One of the overriding concerns of mobile carriers is running out of cellular capacity. They are taking many steps to confront that challenge. A key tactic is to off-load as much traffic as possible onto Wi-Fi networks.

That’s a well-known and growing procedure which, in addition to stretching capacity, can cut costs. The Holy Grail is a session that can jump from cellular to Wi-Fi and back again without re-authentication or any other disruption. Wi-Fi must be outfitted with the roaming capability cellular has long enjoyed, and it must be possible for devices to pass the Wi-Fi/cellular boundary.

It is never easy to retrofit a new function, especially one that is system-wide, onto an existing infrastructure. Steve Livingston, the senior vice president of Open Mobile Exchange for iPass, used a Light Reading commentary to discuss what needs to happen to make full Wi-Fi roaming a reality. It is a commentary in which the details move quickly to the forefront, but a couple of sentences from near the beginning sum up the situation:

However, the reality is that ubiquity is still a long way off. There are multiple providers, multiple standards, and a mix of legacy and NGH infrastructure.

The need to use the word “multiple” multiple times when the topic under discussion is the creation of ubiquity and efficiency generally is a bad sign.

Livingston links to a post at the Wireless Broadband Alliance written by Sean McGrath. While extolling the virtues of Wi-Fi roaming, he is not shy about highlighting the challenges. Many complex heterogeneous networks built by vendors and service providers who compete with each other must be reengineered, or perhaps a middleware-type level thrown in between the networks and the users, to enable roaming. This is an international effort, as evidenced by the companies supporting the effort. Those organizations include Intel, AT&T, Orange, CableLabs, Cisco and several others.

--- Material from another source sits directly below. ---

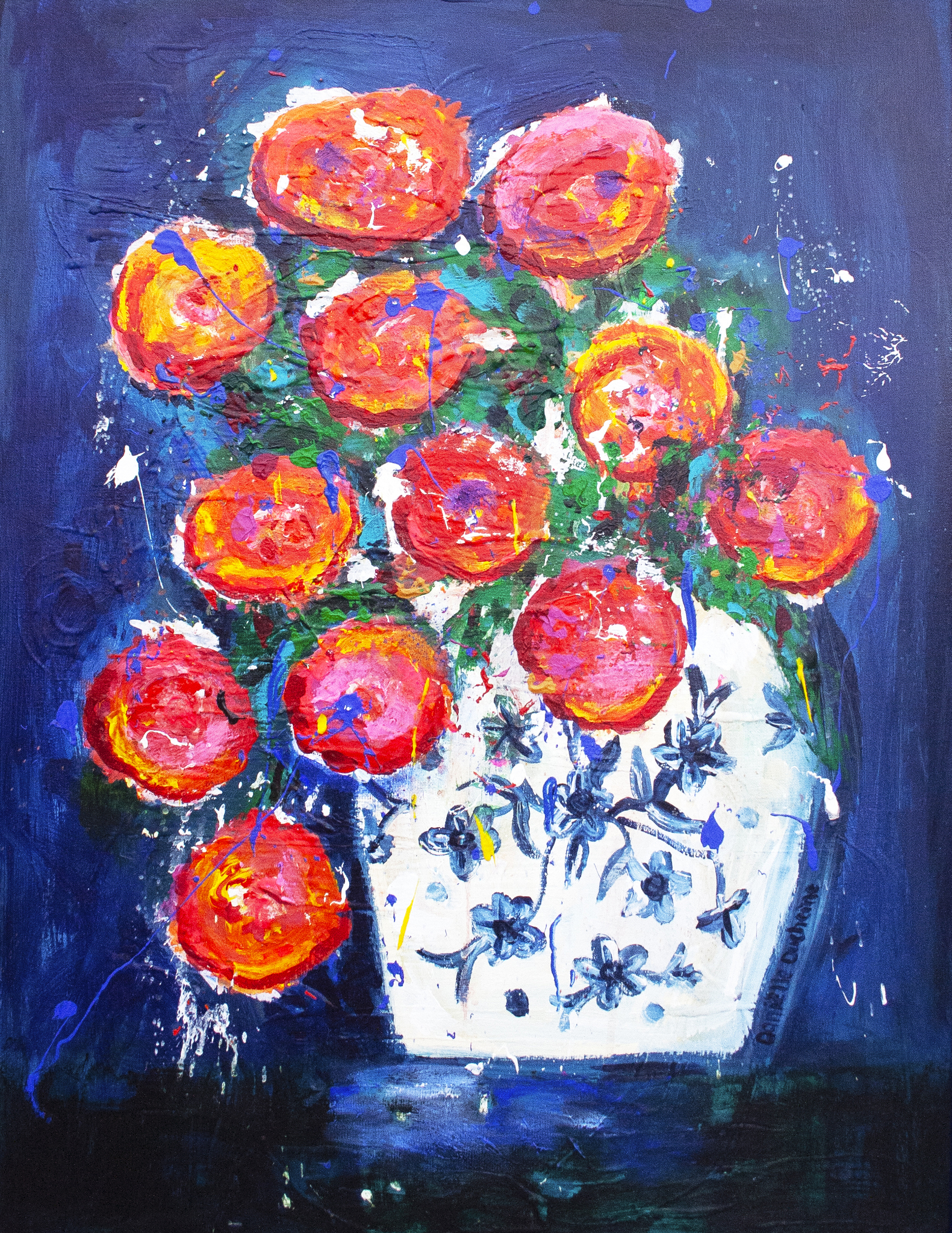 Een intuitief schilderij met een gemberpot met bloemen. Kleurrijk in combinatie met Delfs blauw!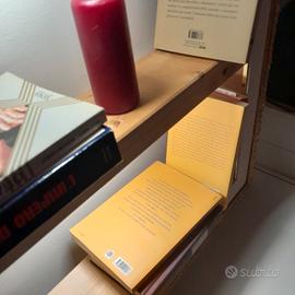 Libreria cornice totalmente in legno. Trasformazione artigianale predisposta per essere fissata al muro . Dimensioni cornice esterna in centimetri: 83 x altezza 73. Dimensione riquadro interno in centimetri 58 x 48 altezza. Mensole per libri 57 x 10. Due lampade di illuminazione a LED ricaricabili e dotate di interruttore on off e auto...che consente l'accensione solo al passaggio vicino delle mani. Le lampade sono calamitate e quindi rimovibili.

This very much is a work in progress. Indeed, the work seems nearer the starting gun than the finish line. Ben Rossi at Information Age suggests how early in the game of integrating hotspots into the roaming tool chest the industry is:

Enterprises with business travelers need to think seriously about how they can provide these mobile workers with Wi-Fi 2.0-like connectivity. There are a few ways to do this, such as approaching one of the few mobile carriers which bundles Wi-Fi into data roaming plans. However, this may not necessarily give the extensive worldwide access that business travellers need.

After the technology, which will be part of Hotspot 2.0, is settled, the industry—albeit, other players within it—must tackle a whole array of new roaming agreements. That challenge may be no easier than figuring out how to make the core technology work. The goal of an interconnected worldwide network in which users shift between carriers and their Wi-Fi and cellular networks without re-authenticating or even being aware of the switch, is laudable.